Nonetheless, McCalla is loath to criticize the agreements. “Everything can be judged in hindsight,” he says. “In 1996 there wasn’t any scenario that saw the greatest downturn in the market since the Great Depression. But knowing what we know now, things might have been done better.”

San Diego has started to grapple with its problems, although a tough battle lies ahead. Mayor Murphy and the city council have begun their annual labor negotiations with a harsh proposal that includes a two-year salary freeze for city employees, increased worker pension contributions and reduced benefits, moves that would reduce the plan’s $1.37 billion unfunded liability by some $600 million over the next two years and shave $40 million off the city’s budget next year.

The mayor has also called for the issuance of $600 million in pension obligation bonds to help close the funding gap. That option remains out of reach until the city completes its audits for fiscal 2003 and 2004.

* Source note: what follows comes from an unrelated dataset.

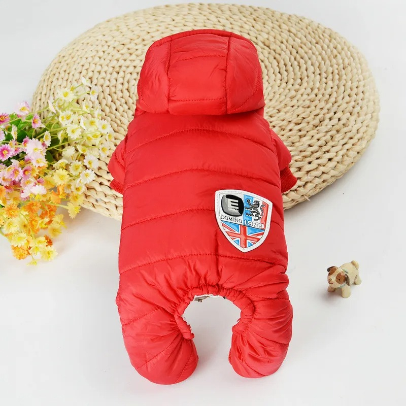 This winter jumpsuit isn’t just about looks; it’s about keeping your pet safe and comfortable. The snug fit provides warmth without restricting movement, allowing your dog to explore freely. It’s the perfect outerwear for cold weather walks, snowy days, or simply lounging around at home. Plus, the 100% cotton fabric is easy to clean, ensuring that your pup always looks its best.
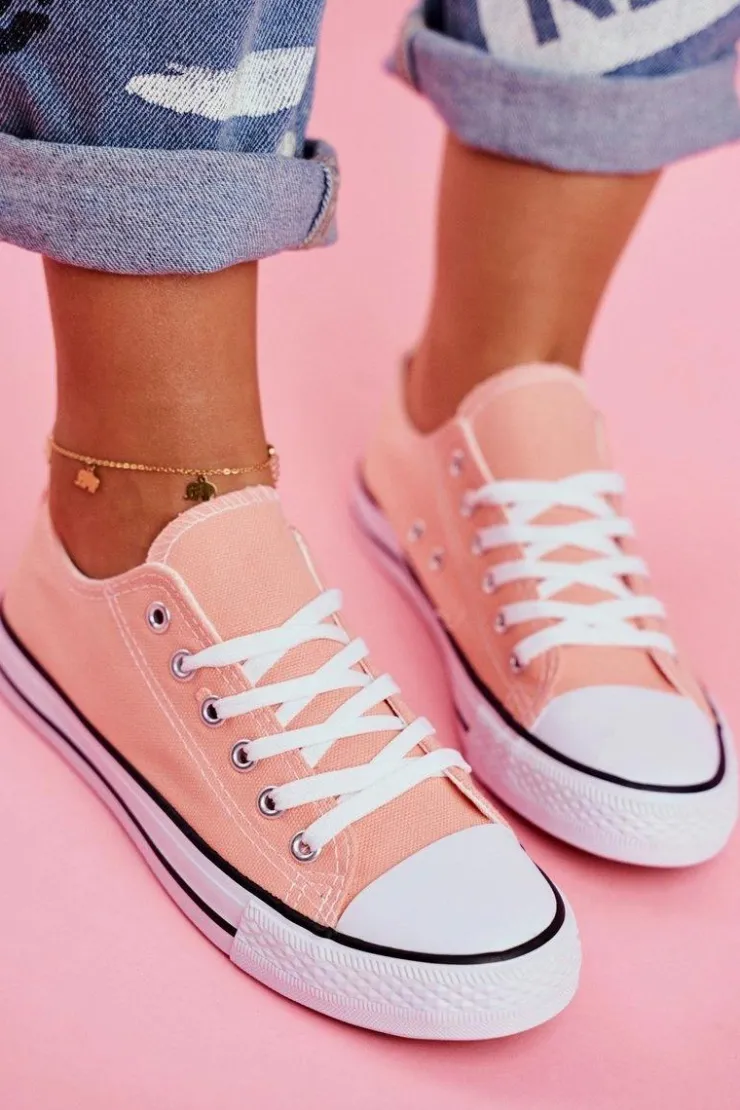 Klasyczne trampki damskie. Buty posiadają gumową podeszwę oraz miękką cholewkę. Ponadczasowy model, dostępny w wielu pięknych kolorach! Przy wyborze rozmiaru prosimy sugerować się tabelą rozmiarów.

San Diego has admitted that it inadequately disclosed its pension liabilities in various financial reports and bond offerings. In September, Houston-based law firm Vinson & Elkins, hired by the city in February 2004, issued a scathing report on San Diego’s finances, noting that since 1996 its financial reports have been riddled with inaccuracies and omissions that obscured the growing pension liabilities. The law firm is defending San Diego in the SEC investigation.

The city cannot return to the bond market until it completes audits for fiscal 2003 and 2004, which end in June. San Diego has hired KPMG and Macias, Gini & Co. to independently audit its financial statements for 2003 and 2004, respectively. In October, KPMG said it could not do so until City Hall had investigated “likely illegal acts.”

“We believe the city has the financial ability to stem its growth in pension costs,” says Amy Doppelt, a public finance analyst at Fitch. “But there needs to be strong action to limit pension benefits, shift spending from other programs or find new revenues.”

Beginning this fiscal year the city will be making its full actuarial contribution, $130 million, and will contribute a projected $155 million next year. But even without the infusion, the pension system’s funding ratio would likely improve over the next couple of years. Like all pension plans the actuarial value of the San Diego plan’s assets reflects a smoothing process that takes into account the investment performance over a five-year stretch; the beginning of the 2000'02 bear market will soon start to drop out of the calculations, meaning the plan’s financials will improve.

McCalla hopes to stick around until January 2010, when he has agreed to step down as part of a deferred retirement program that he entered in January. But forces beyond his control could accelerate that move. As a result of a proposition that city voters approved in November, a new pension board will be constituted in April, one that will be dominated by independent directors; trustees will have four- instead of six-year terms. And Grissom, McCalla’s staunch supporter, is 62; he could retire in a couple of years.

Characteristically, McCalla remains unfazed by the uncertainty. But he is proud of what he has accomplished, and he wants his excellent work to be acknowledged.

“Inside the fund and among the board members, there has been sufficient recognition and appreciation of our investment program that more than offset any of the negative comments,” McCalla says. “But in the absence of that, it might be a little hard to hang around here.”